Doctors ask to remove the word “schizophrenia”.
End the clichés. In a column published on Tuesday February 6 worldA group of doctors and patients are calling for the word “schizophrenia” to be dropped, which they believe is “stigmatizing” for patients.
For this collective, schizophrenia today suffers from “stereotypes” and “misconceptions”.
These clichés, according to the collective, associate this mental illness with “split personality” or “duplicity” or even associate it with “criminality” or “extreme dangerousness”.
concretely, according toinsert, “Schizophrenia is a mental illness characterized by a highly variable set of symptoms” ranging from hallucinations to “cognitive difficulties” and “social withdrawal”. About 1% of the world’s population is affected.
But “the term is used today Psychiatry to designate severe and persistent psychological disorders whose causes are still poorly understood”, collective judge.
“Adverse” results
“Society has created a social representation of people suffering from these disorders that is particularly scandalous, far from reality and their experience,” the collective denounces, emphasizing that this interpretation is not without consequences.
“The consequences of negative social representations and the stigma attached to them are well-known and harmful, so much so that the people concerned suffer more from them than from the disorder,” he believes.

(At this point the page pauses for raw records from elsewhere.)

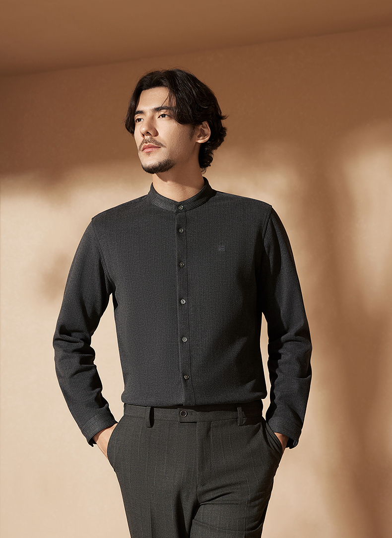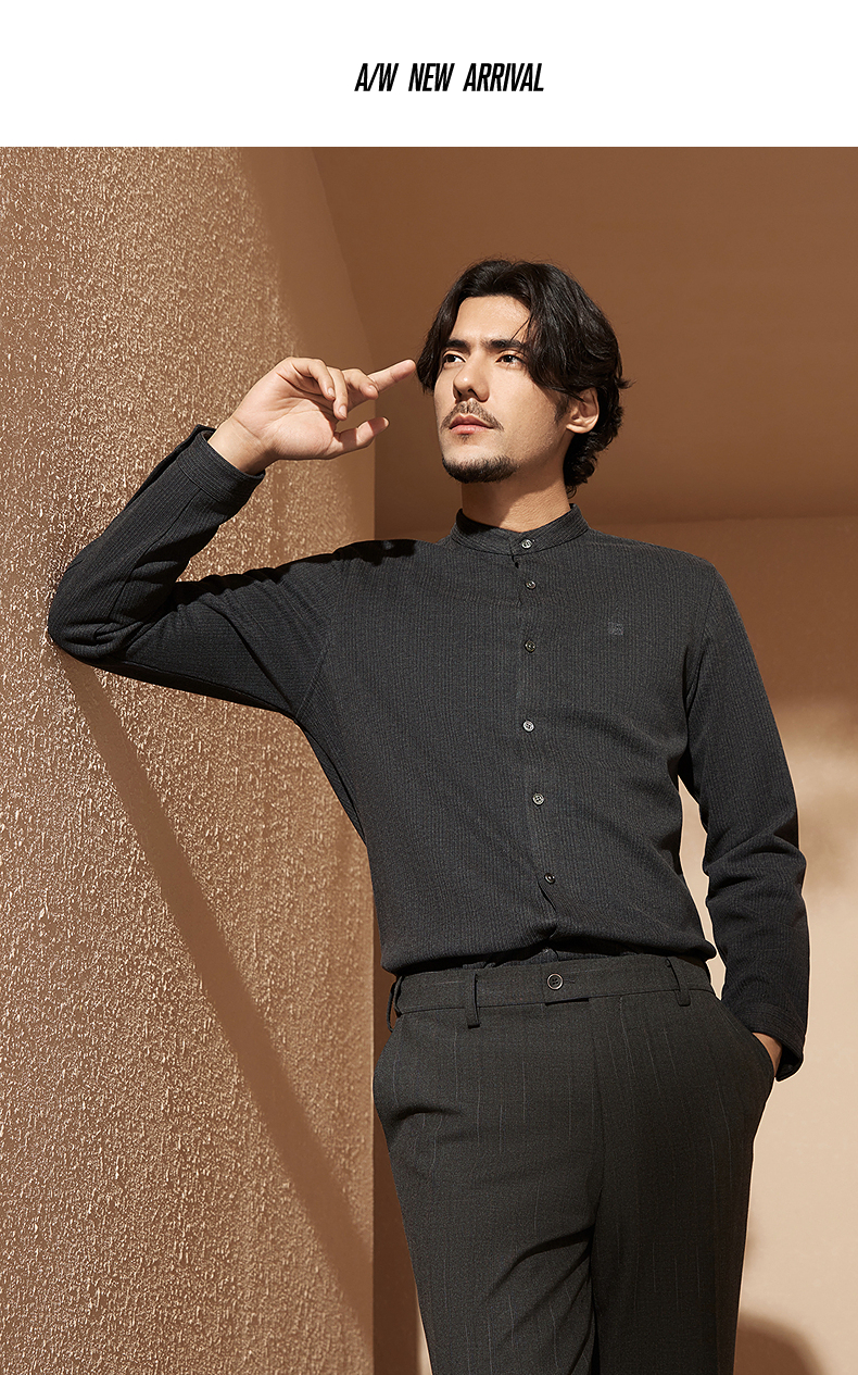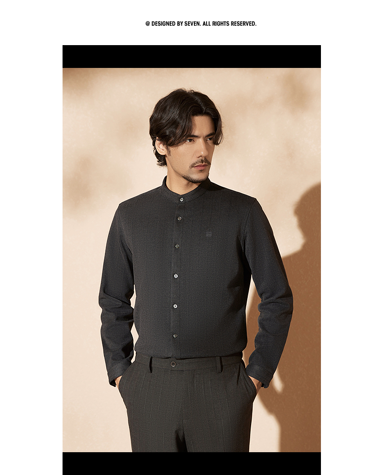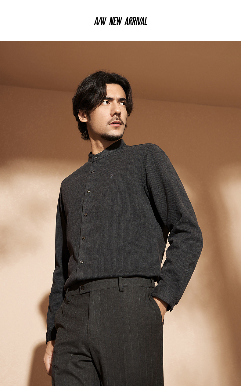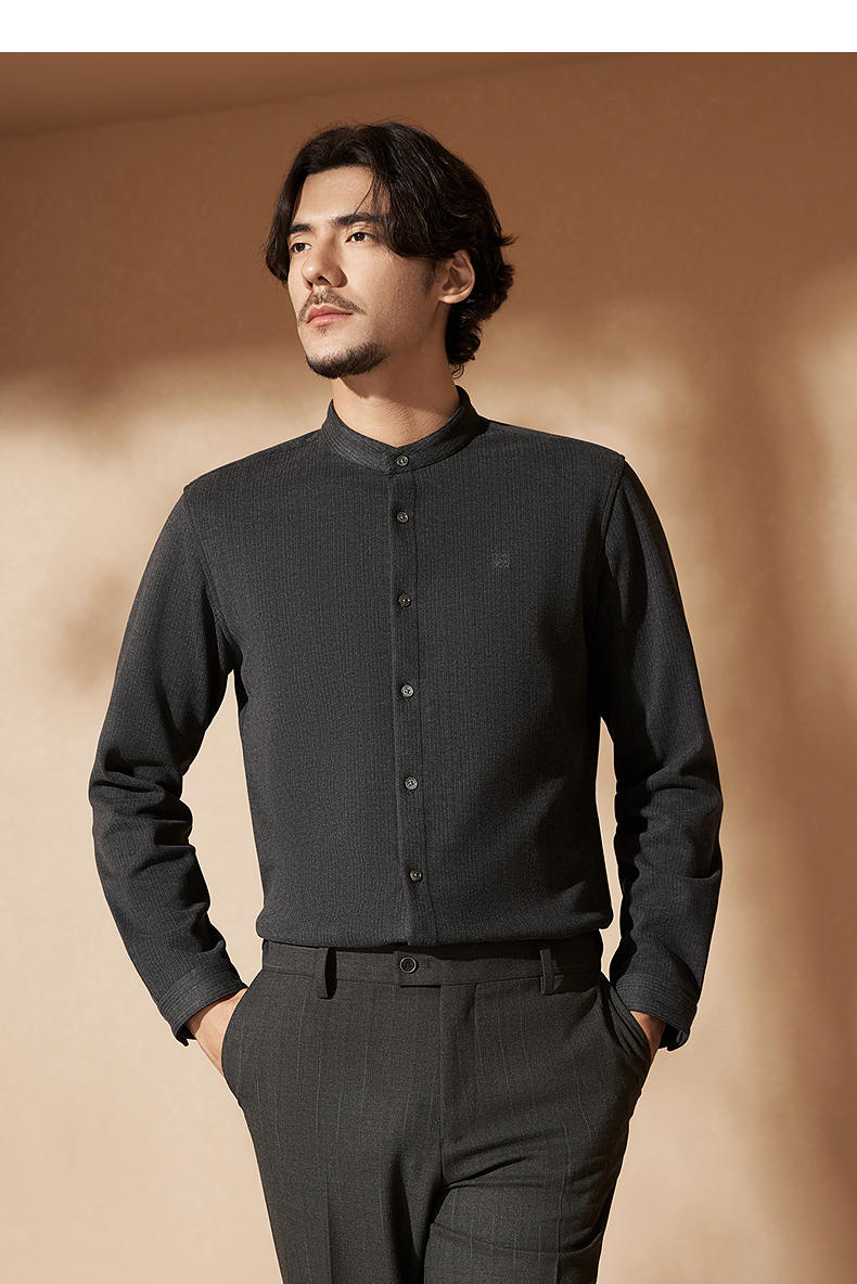 【中华立领】柒牌男士长袖衬衫2024秋冬新款时尚休闲双面磨毛衬衣127A70080
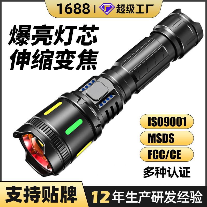 국경 간 전술용 장시간 지속 손전등 야외 휴대용 비상 조명 다기능 줌 장거리 강광 손전등
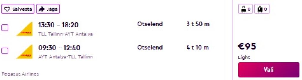 Tallinn - Antalya - Tallinn alates 95€
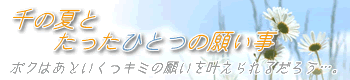 ![]() ボクはあといくつキミの願いを叶えてあげられるだろう……。 心臓病の少女とその隣に住んでいる少年のお話です。 【検索キーワード】高校生 病院 観覧車 ミサンガ HOMEに戻りたい方はコチラから入りなおして下さいませ。 管理者である式部雪花々にあります。 無断転載、転写、複写は一切禁止、お断りしております。 二次創作でのご利用もご遠慮くださいませ。 また、背景等に使用されている素材の著作権は、 全てお借りしている素材サイト様に帰属しております。 こちらも転載禁止です。 |
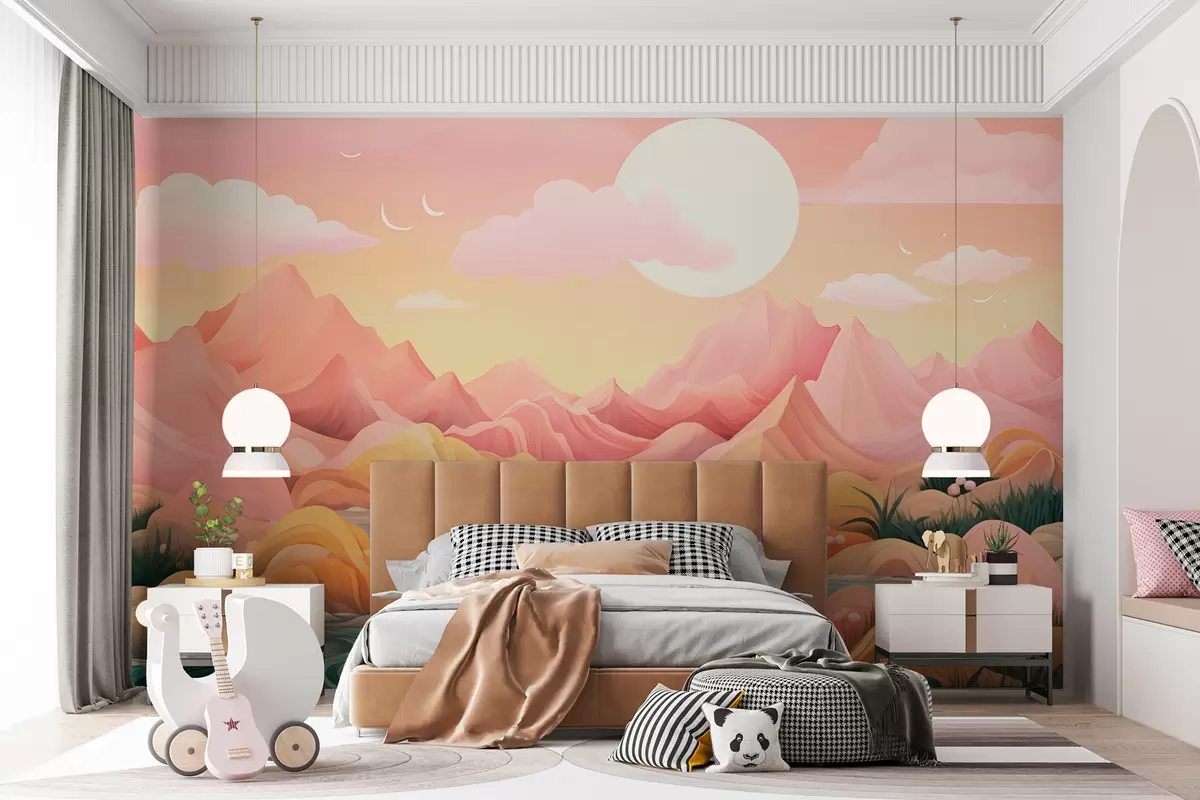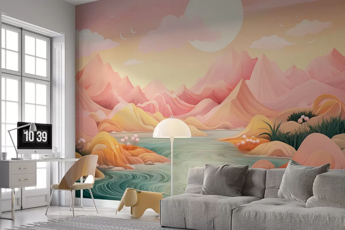 Fotomurales Fantástico paisaje de colores pastel con suaves montañas rosas y melocotón Nr. w01656

As a result, the collective is launching an appeal. “French psychiatry must take responsibility for changing its methods of care and remove schizophrenic disorders from the classification of psychological disorders,” they ask.
A debate that goes on
The word schizophrenia comes from Greek schizo which means division and Fran, which designates the mind. This is not the first time that it has been questioned. In 2002, in Japan, it was abandoned and replaced by the emerging expression “integration disorder”, which is considered more appropriate.
Then, in 2012, the name changed to the International Society for Psychological and Social Approaches to Psychosis, formerly known as the International Society for the Psychological Treatment of Schizophrenia and Other Psychoses. Voted by a large majority. The term is also considered stigmatizing and unscientific.
These changes were not trivial. In Japan, after the vocabulary change, the number of patients reporting their diagnosis doubled in just two years, from 36% to 70% between 2022 and 2004.